Illustration for article titled Did Orthon The Nordic Alien Leave A Science Fiction Novel Behind For Us?

There's only one thing you're not supposed to do if you're a UFO guru: write a science fiction novel about UFOs. Especially if it comes out before you supposedly met aliens (and the Pope.)


George Adamski famously photographed a set of UFOs flying in formation, in 1950. And he got an up-close-and-personal UFO shot a couple years later. Eventually, he met a Nordic looking alien named Orthon, who took him into outer space, talked to him about the dangers of nuclear war, and left cryptic symbols in his footprints. (Possibly including Swastikas?) Adamski also met Saturnians, and eventually attended a conference on Saturn. He became one of the greatest evangelists of UFOlogy, and claimed to have met the Pope, who gave him a special UFO-related medal.
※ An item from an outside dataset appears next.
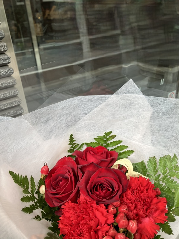 赤バラの花束を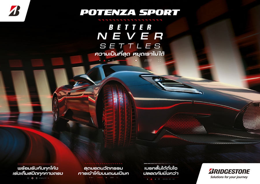 บริดจสโตน เปิดตัวผลิตภัณฑ์ POTENZA Sport รุ่นเรือธงใหม่ ภายใต้สโลแกน ความเป็นที่สุด หยุดเราไม่ได้ หรือ Better Never Settles ที่ได้รับการออกแบบโดยใช้เทคโนโลยียางอันล้ำสมัยและให้สมรรถนะการยึดเกาะถนนที่เหนือกว่า ภายใต้การควบคุมอย่างเต็มประสิทธิภาพ จัดเต็มสมรรถนะครบทุกฟังก์ชันแห่งความสปอร์ตในทุกการขับขี่

And in the 1980s, he had a new career, recording trippy electronic pop with the help of Seal.


But now a 1949 novel, which Adamski wrote with the help of Lucy McGinnis, casts doubt on all his claims. The novel used to be nearly impossible to track down, but UFO researcher Timothy Green Beckley brought it back as a print-on-demand title, which you can buy on Amazon.

And sadly, it turns out Adamski's 1949 fictional account is oddly similar to Inside The Spaceships, his retellings of his supposedly true 1950s encounters with Orthon and the gang, according to Skeptic Report:

To your surprise you will discover that these two books give exactly the same descriptions of space (with the fireflies), the Moon (with snow on mountains, forests, lakes, artificial hangers and even small running animals), the scout ship (with the great lens in the middle of the cabin and the graphs on the walls), the mother ship (with its two "skins"), and even little details such as the portrait of the Great One in the mother ship, the famous Saturnian badge with the balance, etc... You will also be pleased also to see that the Masters' pompous statements are exactly the same, something that demonstrates that Adamski had a poor imagination and was unable to create new or original philosophical concepts.

So how could Adamski have written exactly the same account of his alien encounters years before they happened? There's really only one explanation: Orthon visited him earlier than we realized, and he tried to pass off these events as fiction at first. Just remember: Orthon the Nordic alien is looking over your shoulder as you read this.